Grafts (0.6 mm) after 4 h in (A) saline solution, (B) Ringer’s lactate, and (C) preservation solution developed by HSI and 0.1% trypan blue solution for 15 min. The viability of the grafts is higher in Ringer’s lactate compared to the saline solution, but the viability of the grafts is the highest in the preservation solution developed by HSI.

DISCUSSION

Since Krugluger et al[2] as described the presence of apoptosis and Crisóstomo[3] revealed the relevance of oxidative stress in hair transplant grafts, the ingredients BMOV and monohydroxy ethylrutoside could have beneficial effects on the viability of the grafts. Lebeau et al[8] and Ortolani et al[9] revealed that different flavonoids, such as rutosides, have beneficial effects on ischemia and reperfusion injury. BMOV has many interesting physiological actions but probably exerts its main influence in the prevention of apoptosis by its ability to block the tyrosine phosphorylation pathway.[10]
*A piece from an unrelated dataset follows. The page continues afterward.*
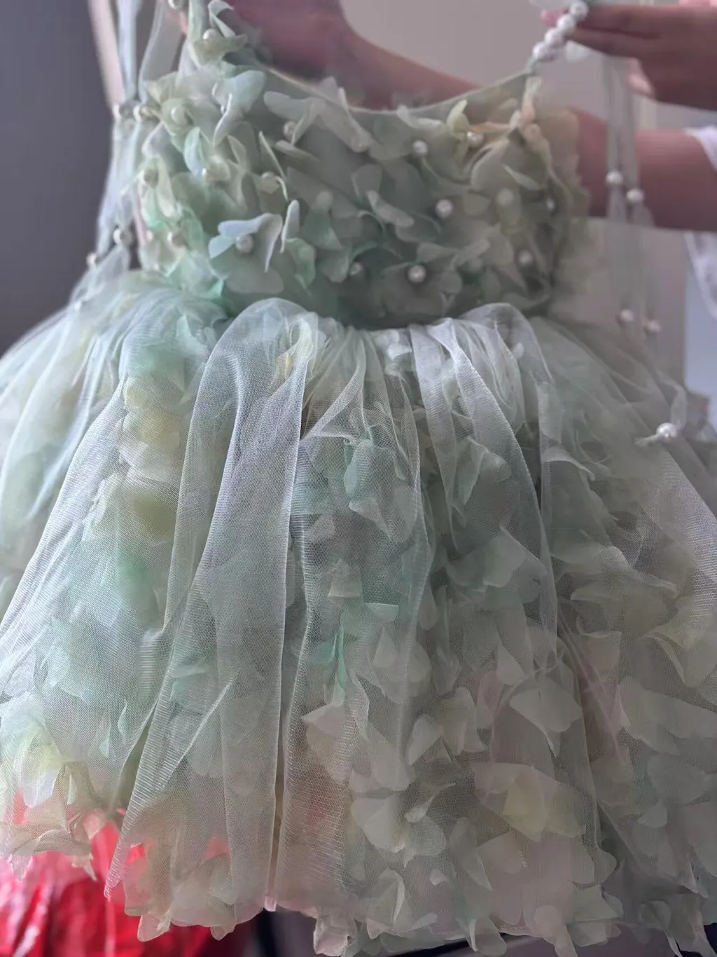 Scoop Pearl Sling Flower Girl Dress With Bow Sleeveless D053

We revealed that a considerably amount of tissue will become not viable (Fig. 1) in saline solution. However, when using large grafts, the amount of viable tissue seems to be sufficient to regenerate new hair growth in conventional hair transplantation techniques.[4]
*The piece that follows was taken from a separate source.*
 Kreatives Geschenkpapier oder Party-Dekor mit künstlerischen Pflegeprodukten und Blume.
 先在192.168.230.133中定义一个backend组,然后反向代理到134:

This study clearly shows that a preservation solution is essential for hair transplantations with small grafts such as in PL-FUT. HSI’s preservation solution differs significantly from saline solution, Ringer’s lactate, and even from commercially available media used for keratinocyte culture. The addition of BMOV and rutosides will reduce oxidative stress, which is known to damage hair transplantation grafts.[3] Any other addition such as growth factors seems to be unnecessary as viability tests have shown excellent survival of the grafts.

In addition, we studied the survival rate of 0.6-mm grafts in patients. This study showed that all implanted grafts developed to full differentiated hairs with a normal diameter.[5] In contrast to the experiments of Er et al,[6] our grafts differ in the way that the part of the follicle is taken in a longitudinal way.[5] As we have proven that follicular stem cells are located at different areas in the hair follicle, we believe that these hair transplantation grafts, which contain also stem cells, are responsible for complete regrowth of the hairs.

CONCLUSIONS

The use of a suitable preservation solution could be one of the crucial conditions in the success of all hair transplantation procedures with small grafts, such as PL-FUT.

Although we have not investigated the efficacy of the different individual ingredients and different combination of the ingredients, the described preservation solution works perfect for PL-FUT.

In theory, it can be possible that the same efficacy can be obtained with excluding one or more ingredients of the solution. It was not our aim to investigate the minimum composition, but only to reveal the influence of the preservation solution on the viability of the grafts. Nevertheless, in our opinion, we advise to use a suitable preservation solution for hair transplantation procedures with small grafts (under 0.8 mm).

Additional studies with (improved) preservation solutions need to be performed to evaluate the minimal quantity of tissue necessary to regenerate hair growth.